Surrounded by a nuclear-armed Russia, China and North Korea, South Koreans live in a threatening neighborhood. Their government’s first goal should be to lessen the risks they face. By withdrawing from a three-year-old military information pact with Japan, the administration of President Moon Jae-in has done just the opposite.
The General Security of Military Information Agreement allowed the two U.S. allies to share sensitive intelligence directly and swiftly, without having to go through Washington. Losing the channel will make it harder for their militaries to monitor North Korea’s nuclear and missile programs — and, no less important, harder for the U.S. to coordinate a response in the event of a crisis. South Korea’s decision appears to have surprised and angered American officials.
That said, South Korea should have resisted the invitation. Having imposed similar limits over exports to Japan, it could have left it at that. Moon won plaudits for saying on Aug. 15 that Korea was open to talks. By scrapping the intel-sharing pact a week later, he made that more difficult. Moreover, South Korea is the main loser. Japan has military satellites and anti-submarine capabilities that South Korea lacks, and these will be crucial as the North develops its arsenal of sea-launched ballistic missiles. In a region where Seoul needs every friend, Moon has made military cooperation with Tokyo far more difficult.

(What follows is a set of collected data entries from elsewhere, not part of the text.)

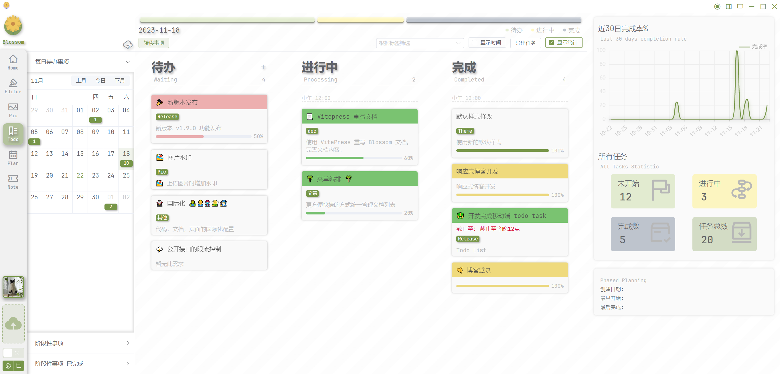 Blossom 拥有丰富的功能,不仅仅是知识管理,更是一个可以供多人同时使用的全面实用性工具。
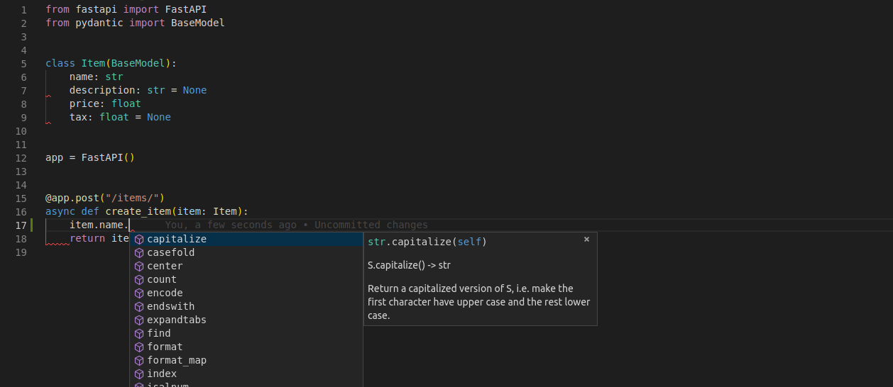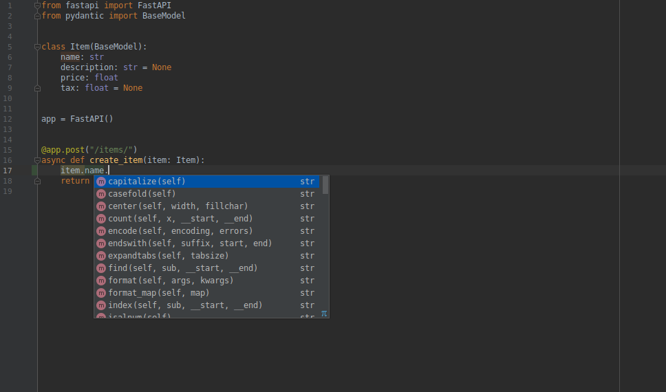 In Ihrem Editor, innerhalb Ihrer Funktion, erhalten Sie Typhinweise und Code-Vervollständigung überall (was nicht der Fall wäre, wenn Sie ein dict anstelle eines Pydantic Modells erhalten hätten):
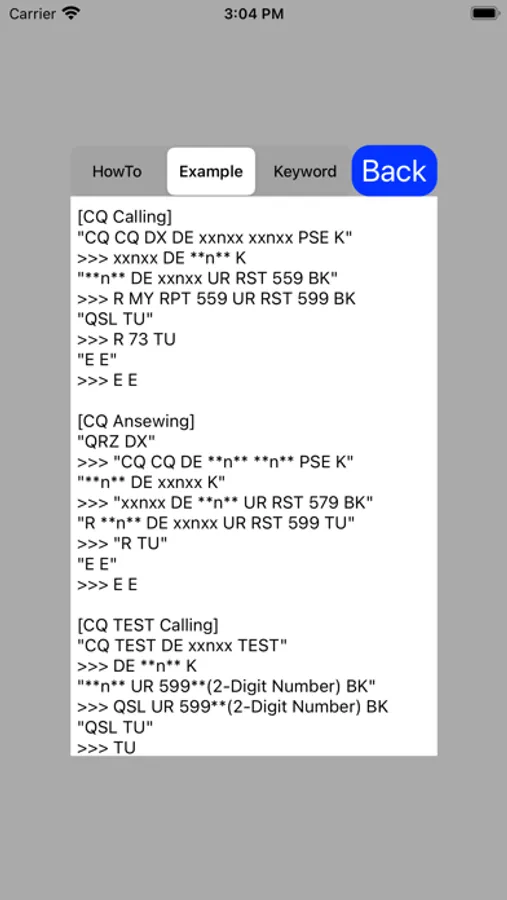 "CQ CQ DX DE xxnxx xxnxx PSE K"
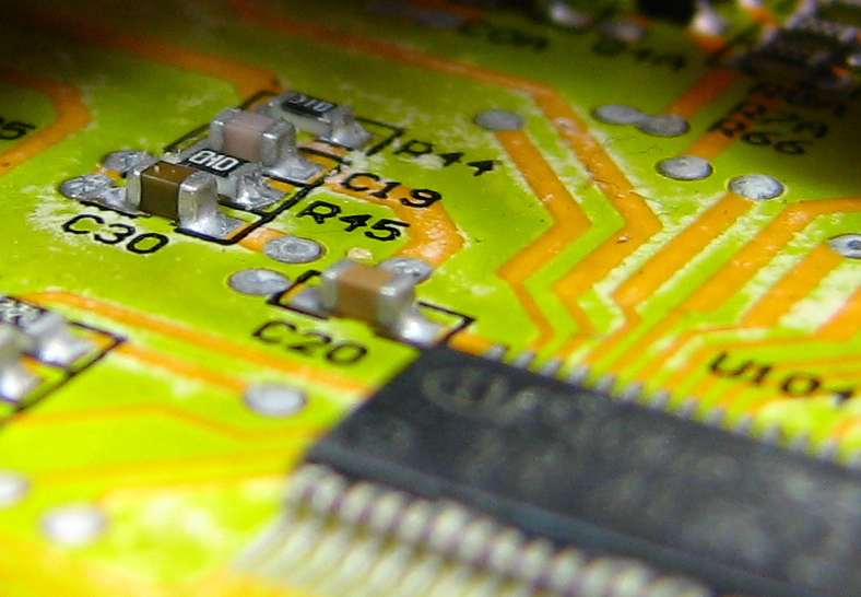 c'è di fianco un condensatorino, davanti una pista 1 po piu larga, dietro un chip in smd piccino !
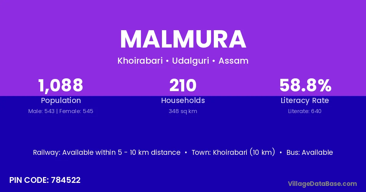 Khoirabari (10 km) is the nearest town to Malmura village for major economic activities and is located approximately 10 km away.
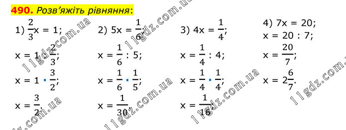 Розв’яжіть рівняння: 1) 2/3х = 1; х = 1 : 2/3; х = 1 ∙ 3/2; х = 3/2. 2) 5х = 1/6; х = 1/6 : 5; х = 1/6 ∙ 1/5; х = 1/30. 3) 4х = 1/4; х = 1/4 : 4; х = 1/4 ∙ 1/4; х = 1/16; 4) 7х = 20; х = 20 : 7; х = 20/7; х = 26/7.
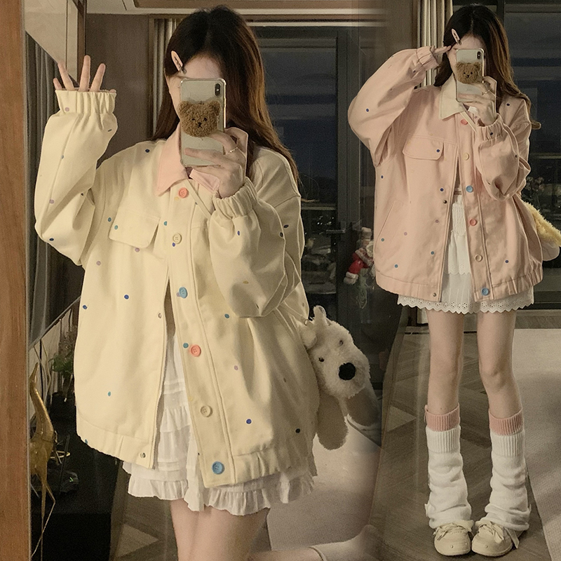 실사 새로운 색상 도트 무늬 재킷 맨위 봄 가을 오픈 가디건 데님 재킷
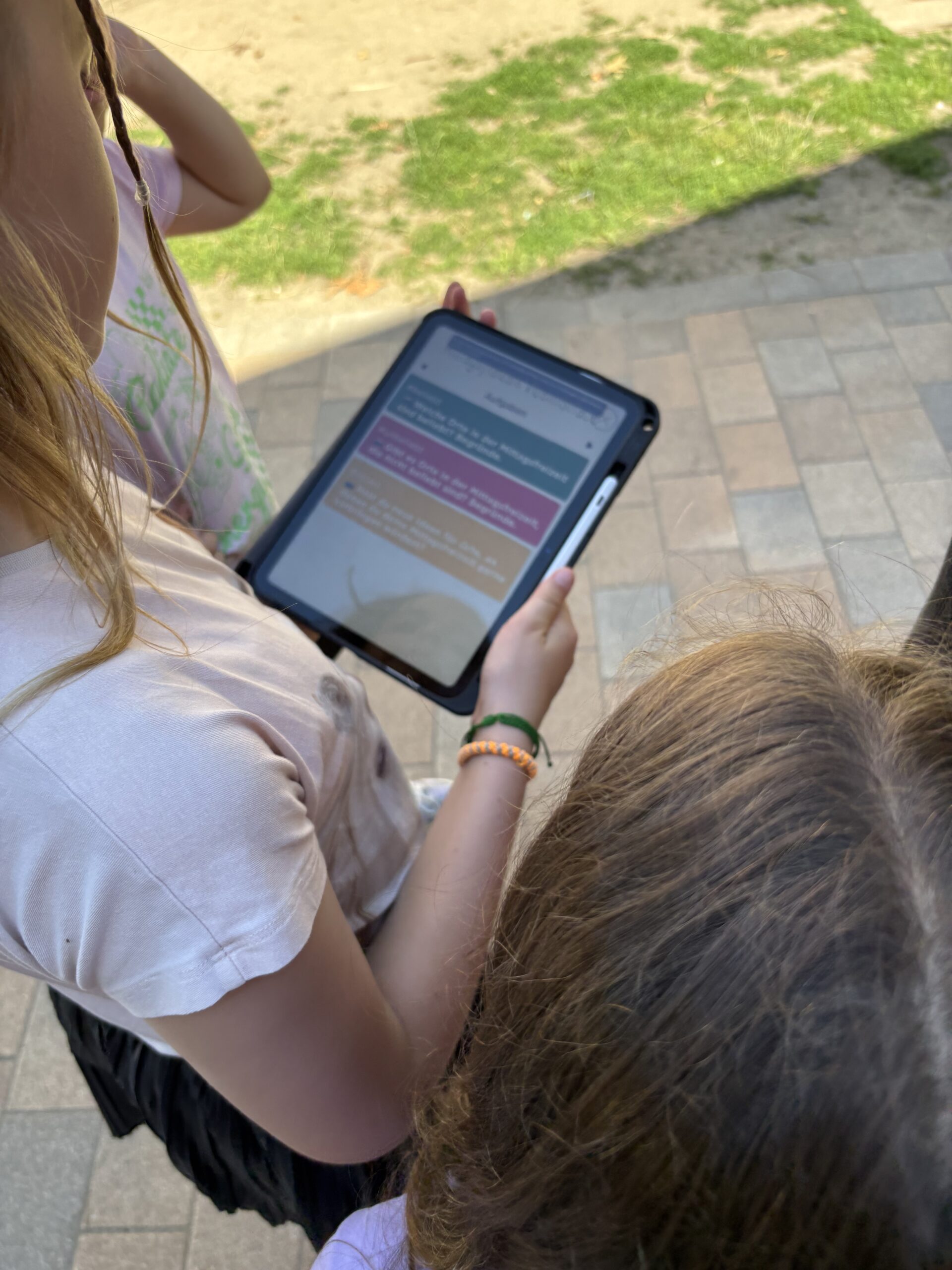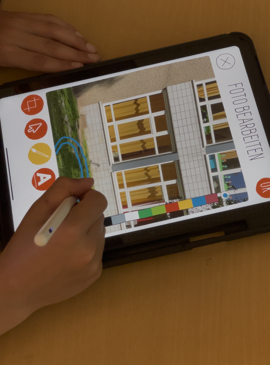 Jede Gruppe bekommt ein Tablet und erkundet damit das Schulgelände. Mit der App können die Schüler:innen alles fotografieren oder filmen, was ihnen wichtig oder spannend vorkommt. Am besten machen sie das nicht während der Mittagsfreizeit, sondern während der Unterrichtszeit – dann sind die Kinder ungestört und können sich, ohne Ablenkung durch andere Schüler:innen, auf die Erkundung von Orten konzentrieren.
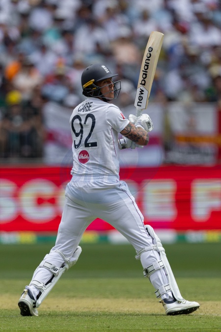 Brydon Carse of England plays a lofted shot during the NRMA Insurance Ashes First Test Day 2 Australia vs England at Optus Stadium, Perth, Australia, 22nd November 2025, Credit:Santanu Banik/News Images / Avalon
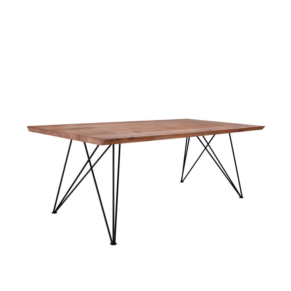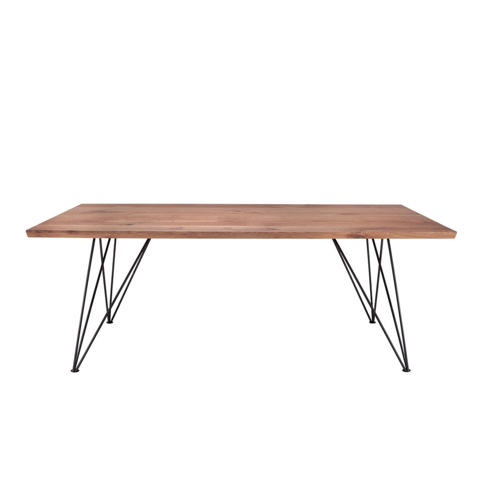 Stół z litego drewna na ażurowych, lakierowanych, metalowych.
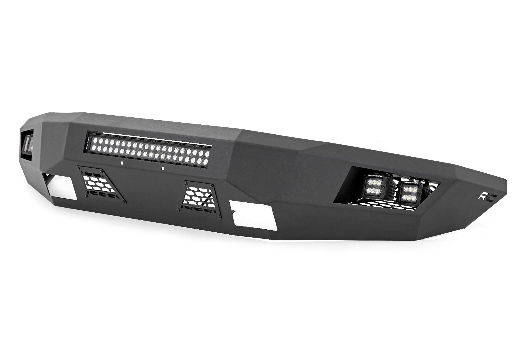 Rough Country’s Front LED Bumper is made of a durable, all-steel construction that’s ready to handle whatever you dish out. Each bumper features four Rough Country Black-Series 2in LED Cubes and a 20in LED Light Bar that offer over 15,000 lumens of combined lighting power.
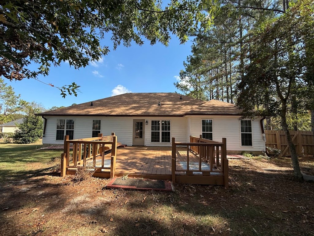 Welcome home to 3833 Chris Circle in beautiful Kingston Estates! This property offers the ideal combination of quiet, comfortable living and exceptional convenience to Valdosta, Lowndes County, and Moody Air Force Base. Located in a quiet cul-de-sac and situated on a generous, nearly half-acre lot, this home feels private and secluded. Step inside to a spacious, bright living room featuring durable, low-maintenance tile floors that extend through the main living areas. The living room flows semi-openly to the breakfast nook and kitchen, creating an easy layout for daily life. The kitchen is functional and attractive, featuring granite countertops, a tile backsplash, and all major appliances included, along with a nice-sized pantry. For larger meals or entertaining, there is a formal dining room at the front of the home. The property features a desirable split-bedroom floor plan for maximum privacy. The primary bedroom is on its own side of the house with a private en suite bath and a large walk-in closet. Two additional bedrooms share a nice-sized guest bathroom, providing comfortable accommodations. Outside, enjoy the spacious deck, which is perfect for grilling and relaxing in the private backyard. You'll also benefit from the included 15x7 storage shed for extra storage. Additional key features include a large, dedicated indoor laundry room for ultimate convenience, and a two-car garage that is currently framed out for potential use as a home office space and a workbenchperfect for hobbies or telecommuting. Enjoy easy access to both MAFB and Valdosta which offers- Valdosta State University, major retail and dining areas near I-75, and Wild Adventures Theme Park and much more! Schedule a tour today and see why this practical, well-located, and comfortable home in Kingston Estates is the right fit for your next move!

He has also damaged South Korea’s most vital relationship: its alliance with the U.S. The move ignores clear advice from Washington, and potentially endangers the 80,000 American troops stationed in Northeast Asia. The new tension strengthens both China and Russia, whose joint military activities in the region have been growing bolder. U.S. President Donald Trump had already expressed reservations about stationing American forces on the Korean Peninsula. Moon hasn’t helped on that score.
South Korea needs to reverse this decision before the pact expires in three months. Japan can help by opening talks to resolve the dispute over export controls. If those concerns are separate from the forced-labor question, as Japanese officials say, they can be resolved. But steps toward settling the historical claims are needed, too. Japan’s call for third-party arbitration is both legally sound — the 1965 normalization agreement provides for it — and politically astute. A compromise will be possible only if this issue is removed from the public arena.
The U.S. should already have intervened more forcefully. Although no compromise imposed from outside is likely to last, diplomatic pressure from Washington would at least help to get the principals talking. Let this foolish and dangerous feud drag on, and it will only get worse.